TASK STATEMENT ::
Beginning with the line where "c) 在不同的應變極限下,PR-PAA 10次拉伸-回復循環的應力-應變曲線。" appears, restate each line word for word until the data ends. Pictures do not go in.

GIVEN DATA ::
::::::
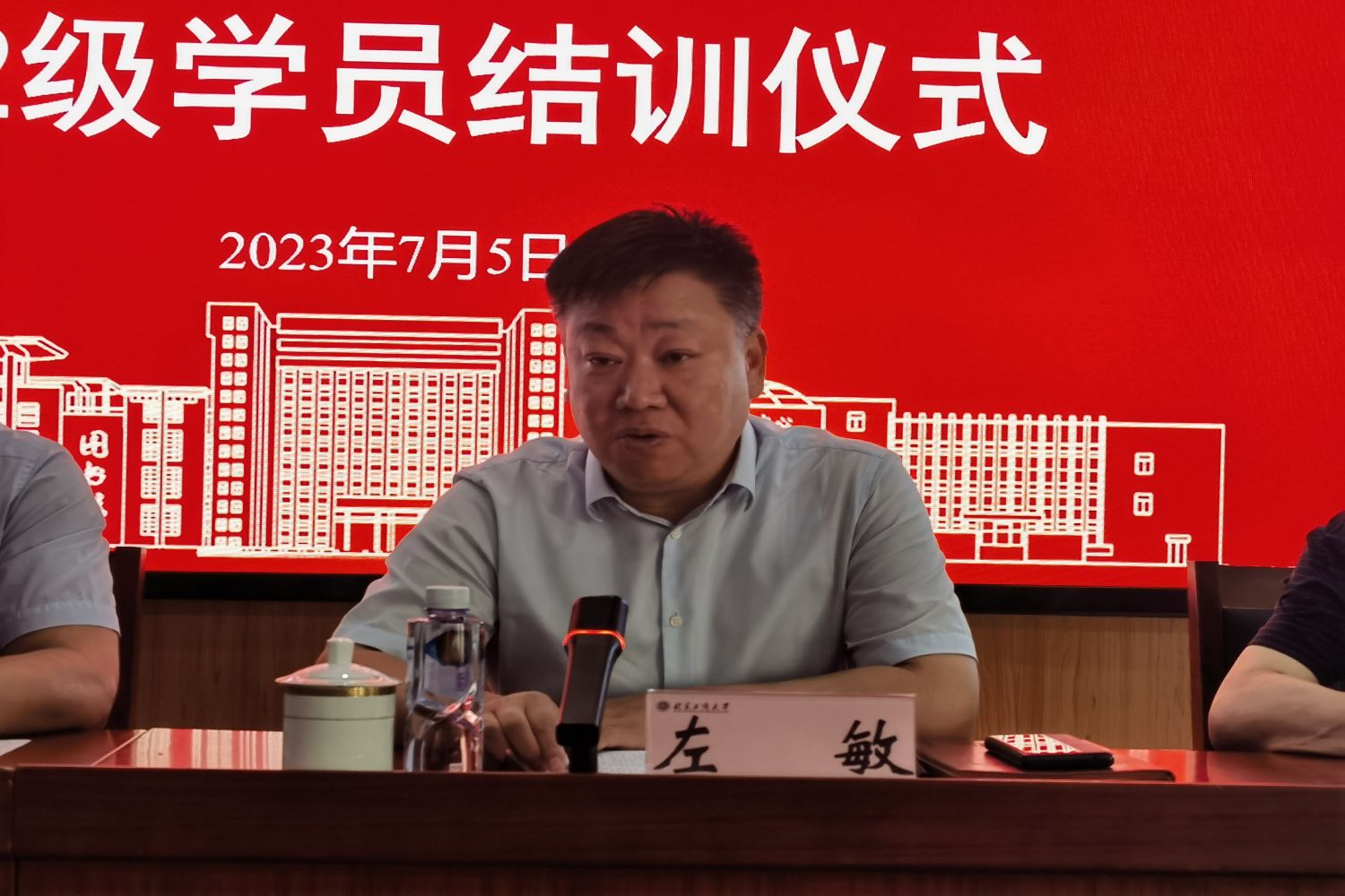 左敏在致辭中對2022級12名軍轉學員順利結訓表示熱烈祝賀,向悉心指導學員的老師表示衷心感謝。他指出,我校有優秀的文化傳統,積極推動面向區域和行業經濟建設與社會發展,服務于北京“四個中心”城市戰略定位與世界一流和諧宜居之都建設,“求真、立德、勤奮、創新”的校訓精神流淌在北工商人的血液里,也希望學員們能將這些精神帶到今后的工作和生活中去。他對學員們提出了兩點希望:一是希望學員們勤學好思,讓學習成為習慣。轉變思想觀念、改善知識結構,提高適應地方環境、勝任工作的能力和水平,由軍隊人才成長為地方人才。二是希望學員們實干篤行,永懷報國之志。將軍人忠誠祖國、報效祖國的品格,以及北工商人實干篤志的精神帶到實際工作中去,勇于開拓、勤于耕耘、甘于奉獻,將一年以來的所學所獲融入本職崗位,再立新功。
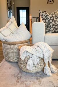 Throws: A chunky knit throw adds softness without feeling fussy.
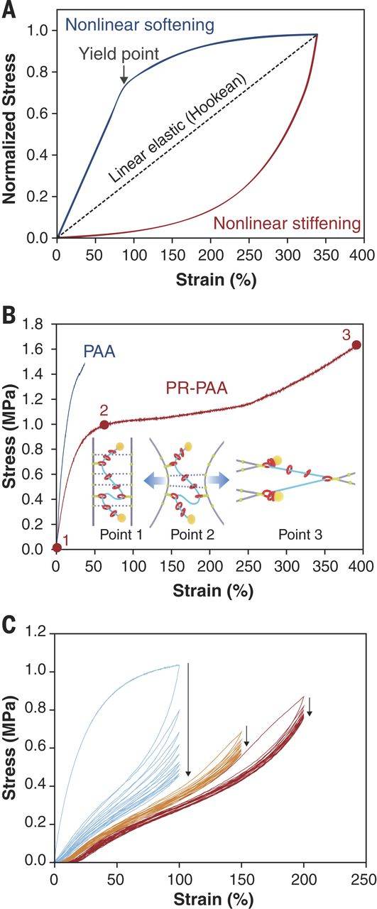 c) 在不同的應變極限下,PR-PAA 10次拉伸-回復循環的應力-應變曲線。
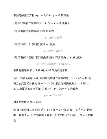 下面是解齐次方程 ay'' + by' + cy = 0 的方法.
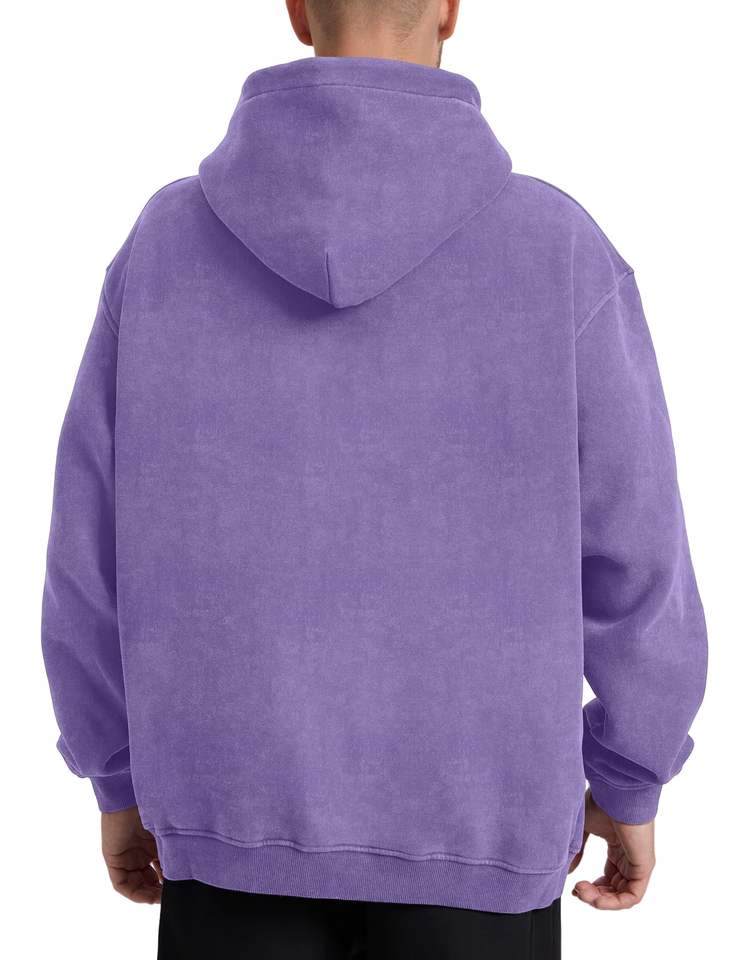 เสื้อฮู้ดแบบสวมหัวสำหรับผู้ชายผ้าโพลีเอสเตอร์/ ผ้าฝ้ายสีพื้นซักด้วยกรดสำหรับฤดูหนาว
::::::
TASK RESPONSE ::
 c) 在不同的應變極限下,PR-PAA 10次拉伸-回復循環的應力-應變曲線。
 下面是解齐次方程 ay'' + by' + cy = 0 的方法.
 เสื้อฮู้ดแบบสวมหัวสำหรับผู้ชายผ้าโพลีเอสเตอร์/ ผ้าฝ้ายสีพื้นซักด้วยกรดสำหรับฤดูหนาว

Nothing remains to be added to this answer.